This repository contains the code for the paper "Differentially Private Release of Hierarchical Origin/Destination Data with a TopDown Approach"
To run the code, you need to install a conda environment using the environment.yml file
conda env create -f environment.yml
Then, activate the environment
conda activate top-down
To generate the synthetic dataset run the shell files into /run_command/run_preprocess/
folder. Inside you will
find two shell files, one for the binary tree, the other for the random tree. You can change the parameters of the
synthetic dataset in the shell files, like the sparsity, the number of levels, the seed for the randomizer.
It is necessary to download the dataset from ISTAT website.
This files needs to be inserted into the /preprocess_data
directory.
Then, it is sufficient to run the python script
python preprocess_data/preprocess_ISTAT_data.py
This generates a data folder containing the datasets.
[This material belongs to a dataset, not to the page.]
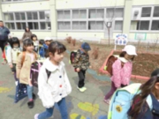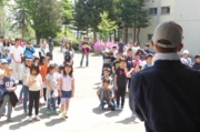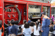 地震が起きて、その後に火事が起きるという設定の避難訓練を行いました。4月になり学年が変わって、教室も変わったため、授業中に担任が誘導しての避難訓練です。「お・か・し・も」の合言葉通り、話し声ひとつなく、迅速に避難が出来ました。その後、1,2年生は消防自動車の見学をしました。見たことのない装置がたくさんついていて、興味津々の様子でした。

The experiment on the Italian dataset can be run using the shell file /run_command/Italy.sh
cd run_command
./Italy.sh
The experiments on the synthetic dataset can be run using the shell file /run_command/all_synthetic.sh
cd run_command
./all_synthetic.sh
The experiments will generate new results.pickle
files in the /results
folder. The results presented in the paper
are already present in the folder as results_1.pickle
. To plot the results, you can use the jupyter notebook in the
/notebooks
folder.